The artist moved to the four-storey New York residence on West 22nd Street in 1995. He had to give up the space in November last year after his landlord died. He began rubbing the interior around three years ago with the landlord’s permission; the brownstone residence has since been sold.
“The project is about memory and my time in that space. Rubbing reveals textures and marks, which are linked to my recollections,” Suh says, adding that the new owners may well change the layout of the property, making the piece even more potent.
Suh, who represented Korea at the 2001 Venice Biennale, began rubbing the ground floor and basement of the apartment, known as the “blue room”, where he rented his apartment from 1995 to 2010. His studio, which he occupied from 2010 to 2016 (the “yellow room”), was also on this floor along with the so-called “pink” corridor. The blue, yellow and pink spaces were rubbed with colour pencils while the rest of the house, including the staircases, were rubbed with pastels.
The project also entailed venturing into the private quarters of the landlords, Arthur and Dee Henoch, who lived on the floors above. Seeing this space, which was previously out of bounds, gave the initiative fresh impetus. “Making contact with the couple became a spiritual quest,” he says. “The work is a testament to Arthur and Dee [Arthur died last year].”
The project also tested him physically. Suh worked alone on the blue room rubbing, but enlisted assistants for the other areas. “With the coloured pencils, there is a distance between you and the surface, perhaps a matter of inches, but the pastels touch the surfaces.
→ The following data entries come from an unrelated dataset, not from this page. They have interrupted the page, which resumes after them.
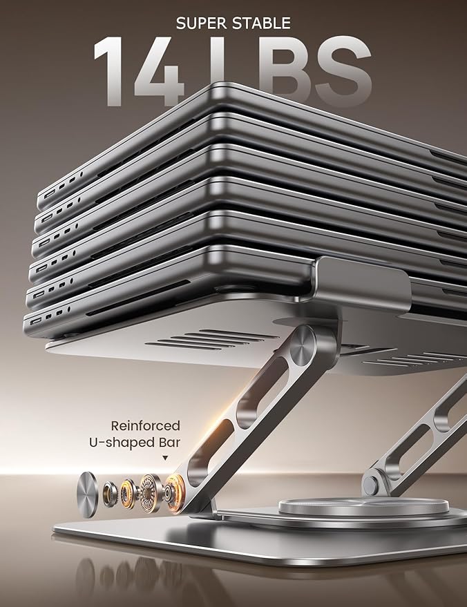 - 360° Rotation:The laptop riser base supports 360° rotation, allowing you to share your screen, making it perfect for conference presentations, team collaborations, client demonstrations, and more. There's no need to move the entire laptop; simply rotate the screen to achieve more efficient communication.
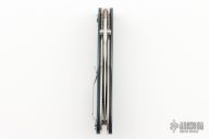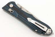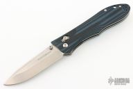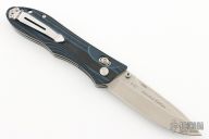 This Benchmade 730 Ares is an Allen Elishewitz design featuring a satin finished drop point blade with swedge and dual thumb studs. The handle is comprised of blue/black G10 scales over steel liners. The black coated tip up clip is reversible for right or left hand carry. Lanyard hole in pommel. Includes original box and papers. Excellent condition.
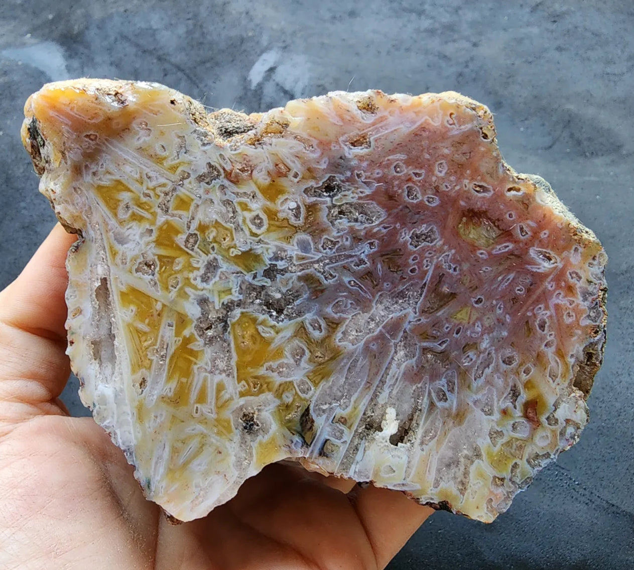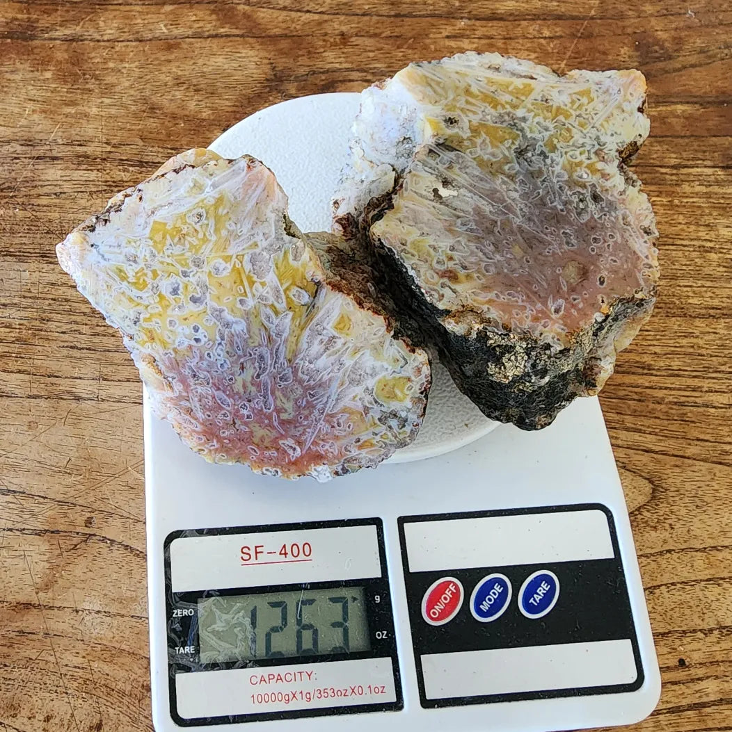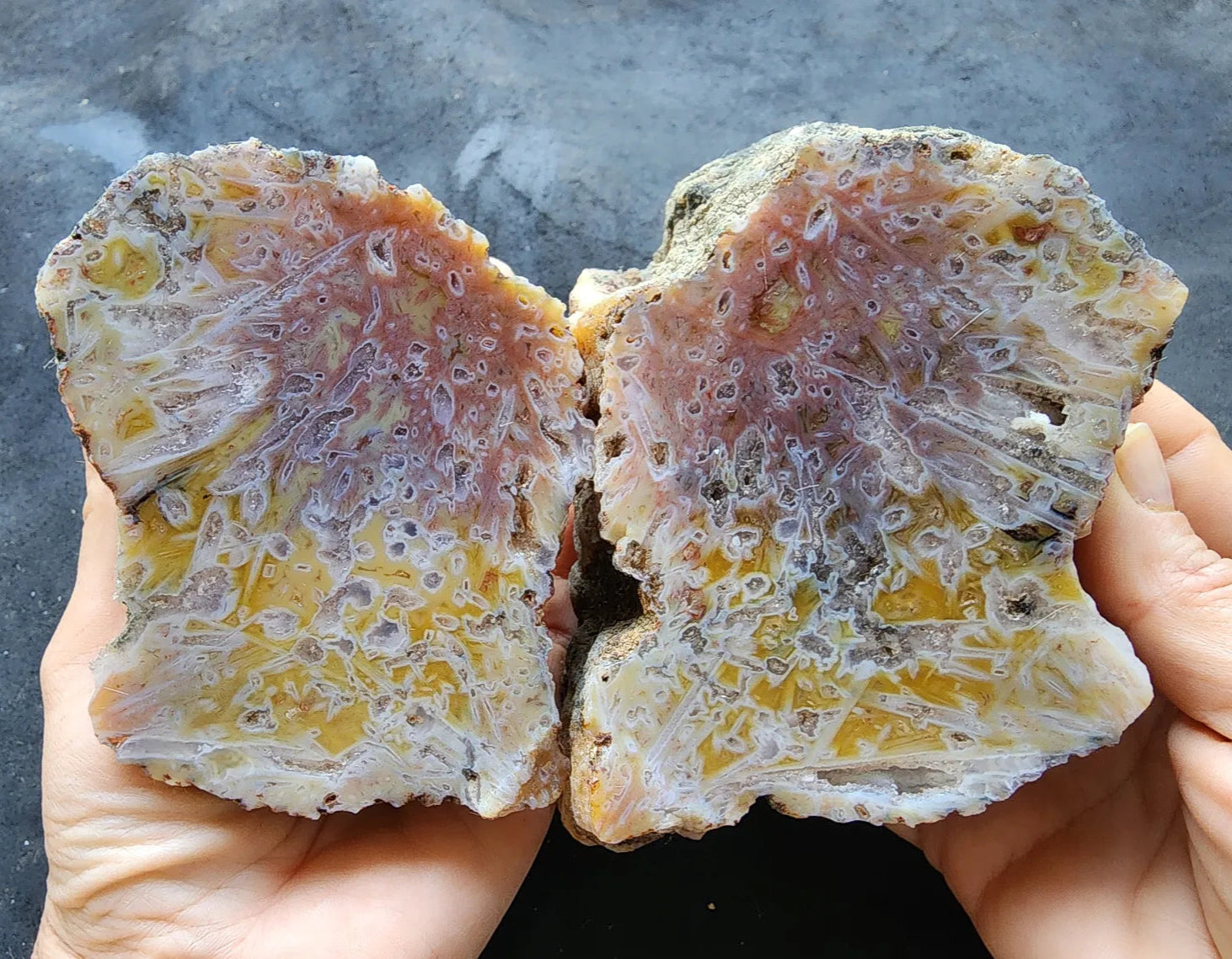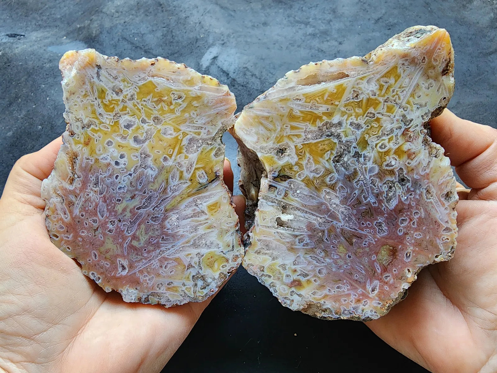 This listing is for an unpolished, undyed, 100% natural pink agate / yellow agate pair from Turkey weighing a total of 2.7 lbs (1.26 kg). The first 12 pictures and video were taken outdoors with the multi color agate pair wet (not under direct sunlight); the rest, indoors and dry. We did not apply any filters to the photos or video, before or after taking them. They will grace any rock collection.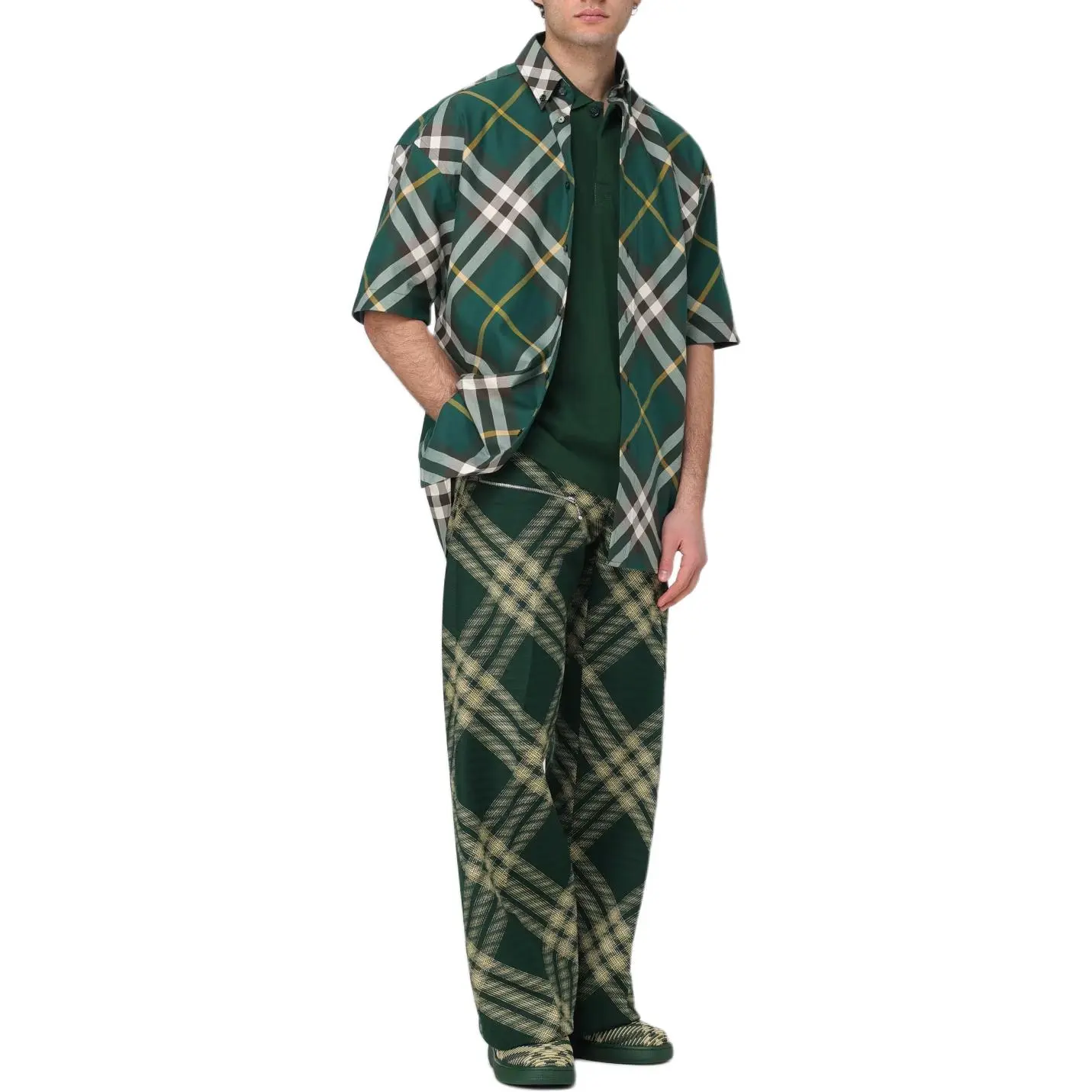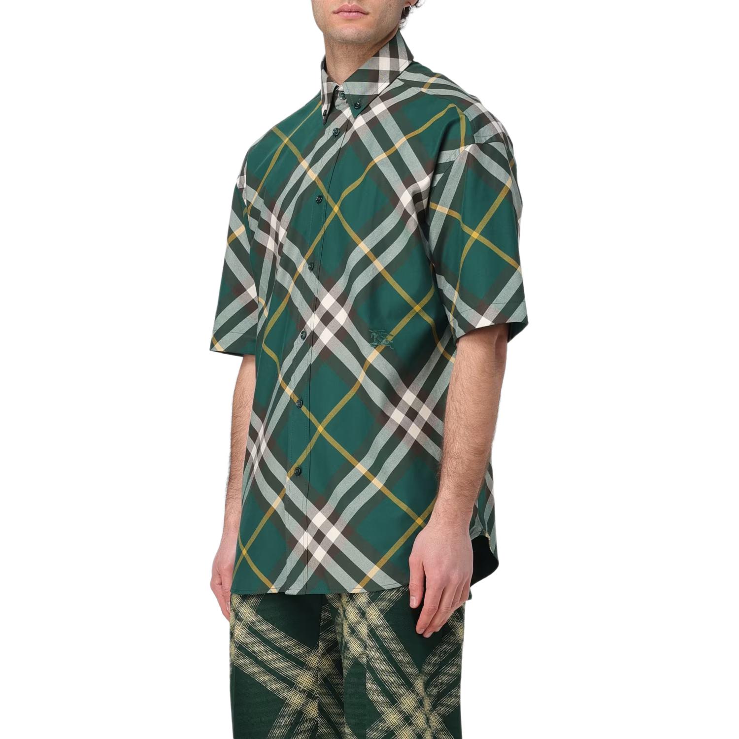 Рубашка в клетку с вышитым логотипом Burberry, зеленый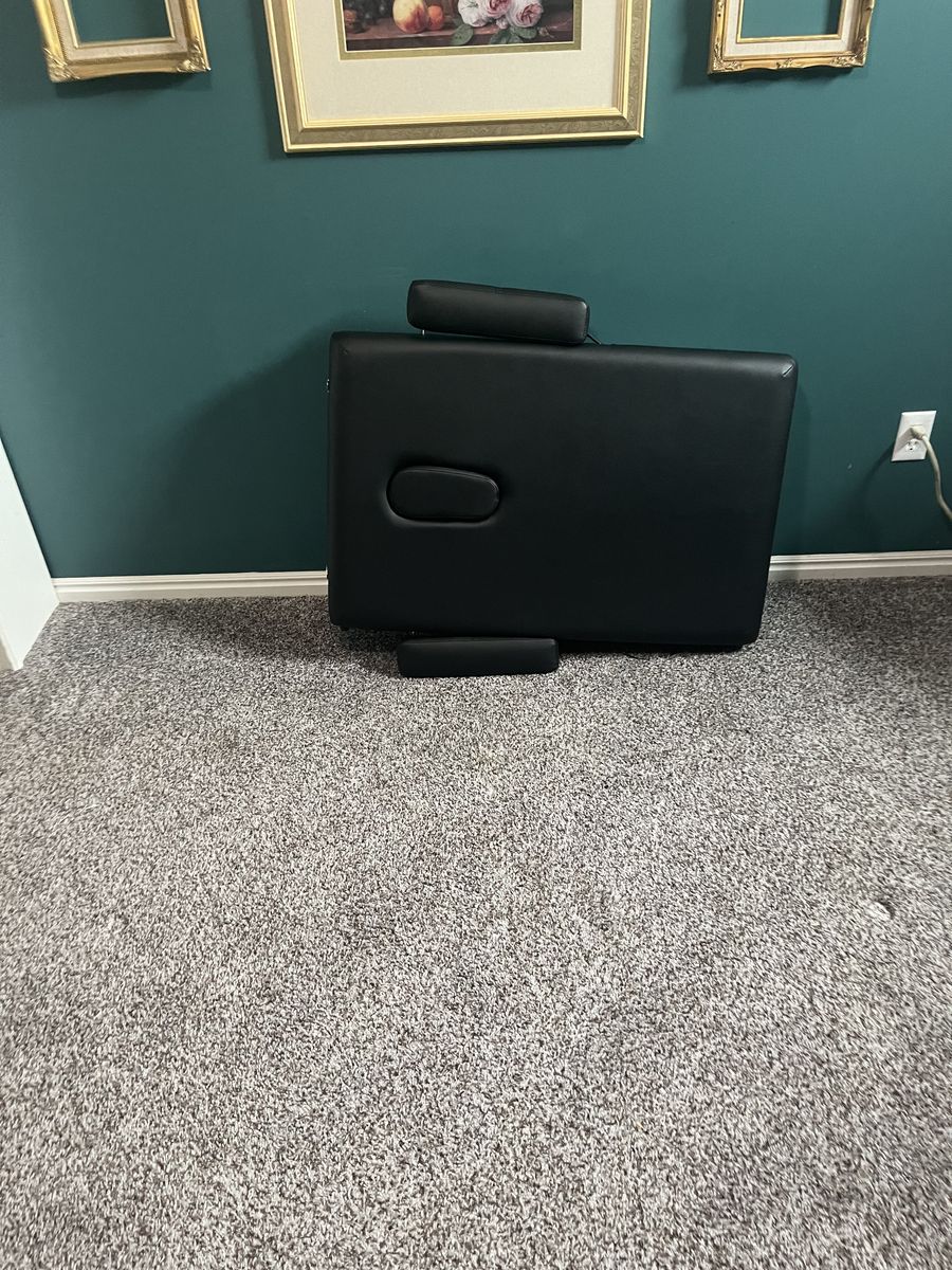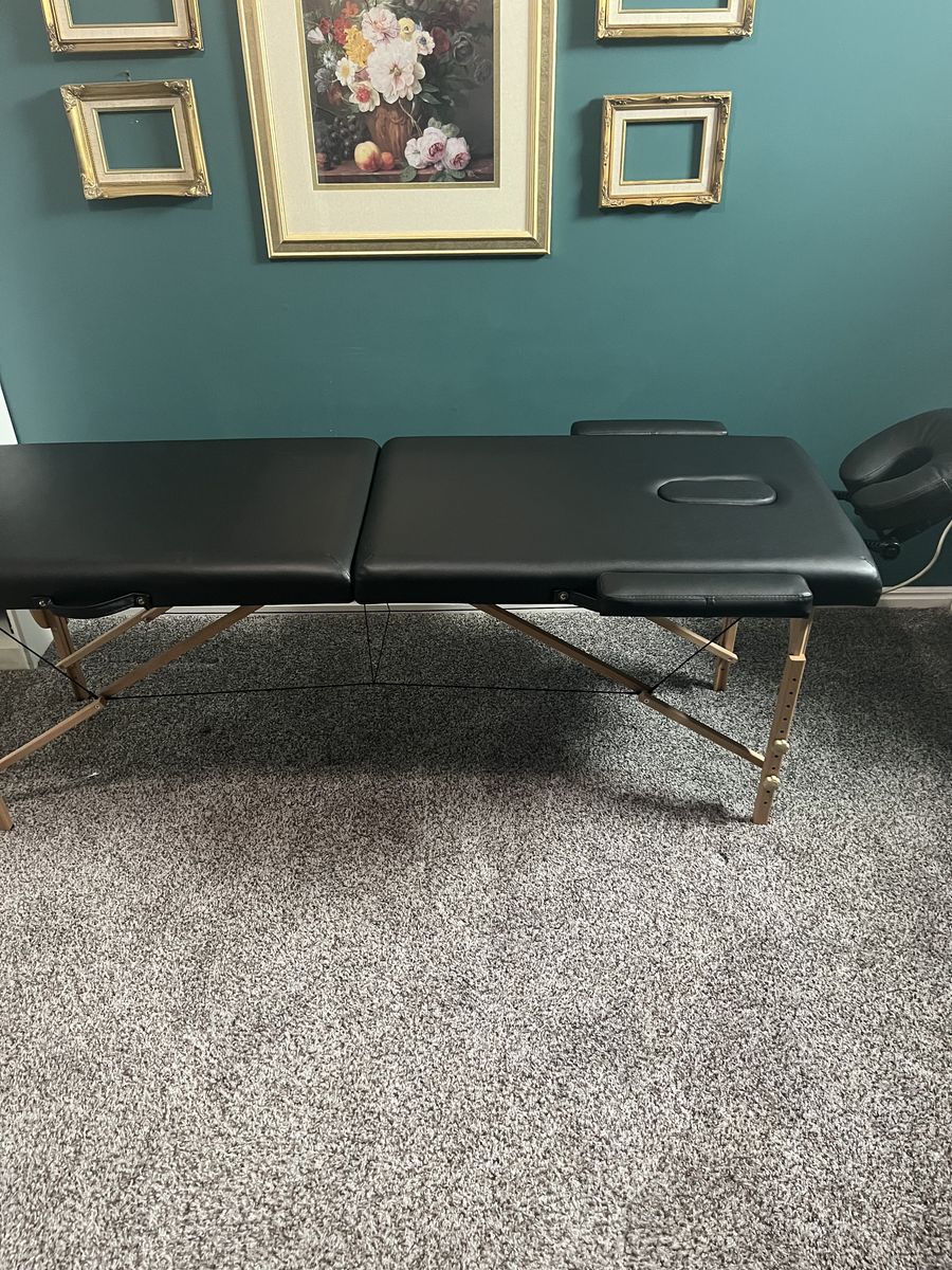 PayPalMassage table 24"w x 73" long with extended arms and head rest . Adjustable height. Folds in half and comes with carrying bag.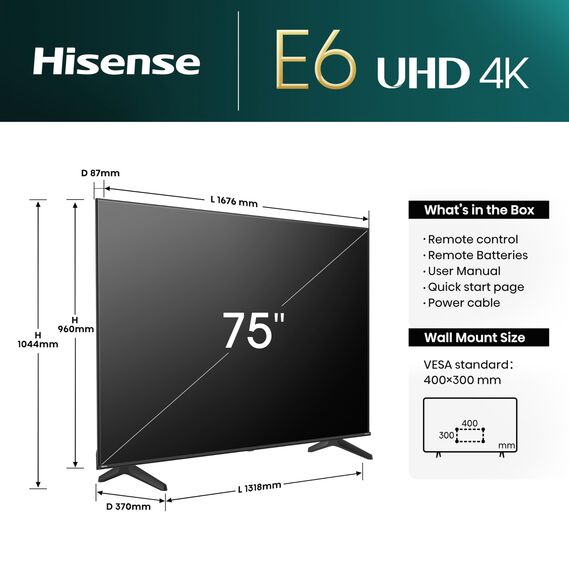 Hisense 75E6NT 189cm (75 Zoll) Fernseher, 4K UHD Smart TV, Precision Colour, HDR, Dolby Vision, 60Hz, Triple Tuner DVB-C/S/S2/T/T2, WiFi, HDMI 2.1, Bluetooth, Alexa Built-in, Schwarz, [2024]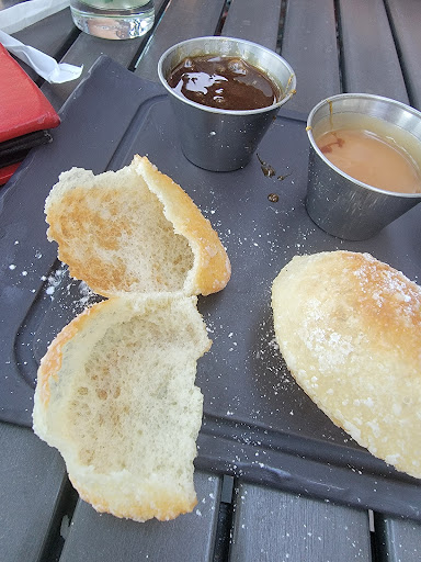 Everything seems overcooked - the spinach dip is cooked until it's dry and burnt at the edges. And the beignets (which are why we talk ourselves into going) are kind of awful now. Tiny, empty inside, overcooked to a crisp, super dry. Like miniature overcooked pita pockets. They used to come piping hot and were pillowy soft doughnuts. And we used to ration the salted caramel dip to have enough for all six of them. But our last three visits the beignets were cold and at the end the dips were basically still full because the beignets were just six glorified chips.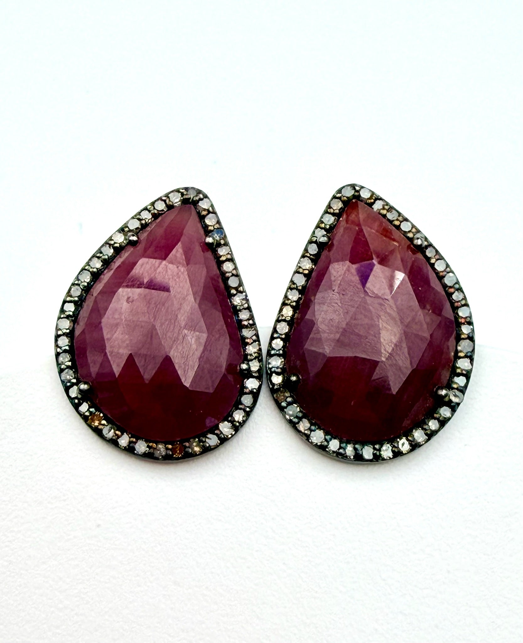 Organic Ruby and Diamond Teardrop Shaped Sterling Silver and Diamond, 0.8"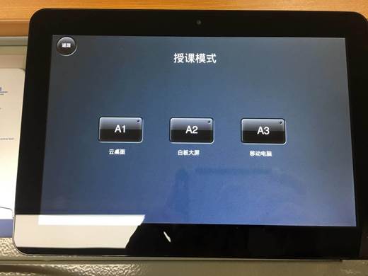 “A1”是与普通多媒体教室相同的云桌面电脑。 “A2”是白板大屏。“A3”是教师自带的笔记本电脑。点击后教室内所有屏幕都显示信号源的画面。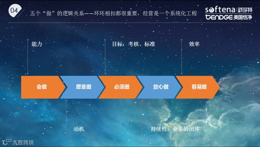 经营的思维导图。我们总结了五个“做”:会做、愿意做、必须做、放心做、容易做。
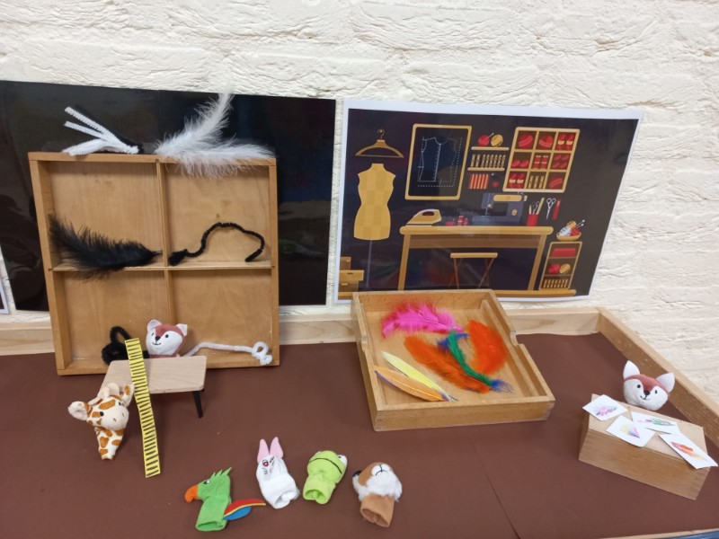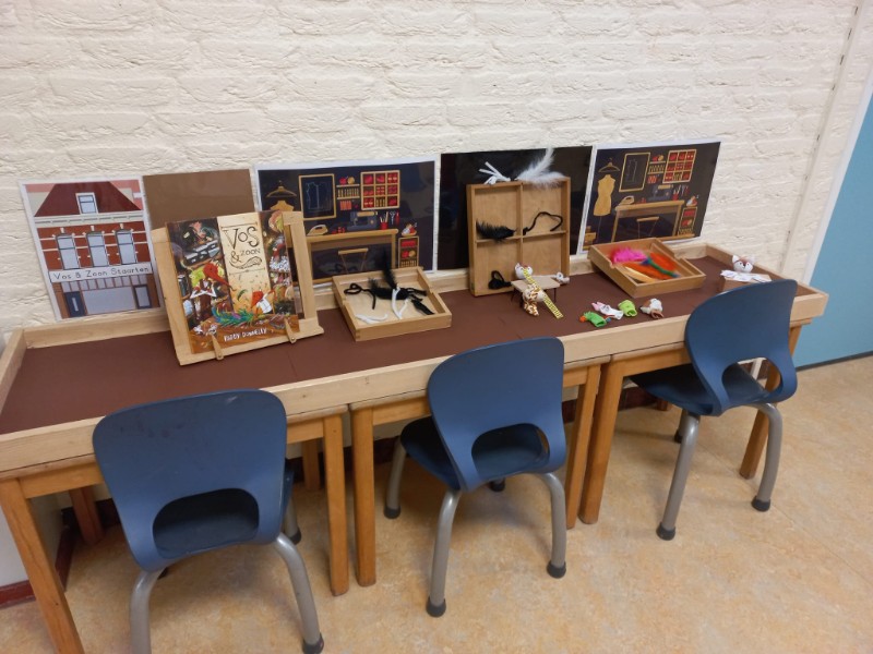 In de kleutergroep bij mij op school heeft de leerkracht een verteltafel gemaakt van Vos & Zoon. De kinderen spelen het verhaal na en kunnen op deze manier oefenen met de volgorde, interactie en de woorden. Wij vinden het op school belangrijk dat er genoeg gepraat wordt als we een boek aanbieden. Een verteltafel leent zich daar uitermate goed voor!

My fingertips touched every part, and were rubbed away,” he says. The paper impressions have since been transported to Suh’s studio in Brooklyn, where they have been archived. The artist stresses that the pieces will “take another couple of years” to put together.
This is not his first piece in this particular medium; at the Gwangju Bienniale in 2012, the artist showed three rubbings of spaces located around the Korean city. But he points out that the rubbing process began when he traced the outlines of parts of the apartment, such as the radiators, for his fabric pieces modelled on his domestic and work spaces begun in the late 1990s.
These translucent sculptures replicate the architecture of his past dwellings—including his abodes in Seoul, Berlin and the Chelsea residence in New York—giving shape to the artist’s peripatetic existence. He is now based in London. “I see life as a movement through many different spaces,” he says.
An exhibition of works at Lehmann Maupin in Hong Kong in March caps a peak period for Suh (20 March-13 May). The show includes small-scale drawings and centres on a three-channel film capturing the sights and sounds of the streets around the artist’s home in London.
The footage was shot on three cameras attached to his daughter’s pushchair. “The film shows us always on the move, capturing our travels over two and a half years,” he says. “It’s our journey together—we speak and sing in Korean and English.”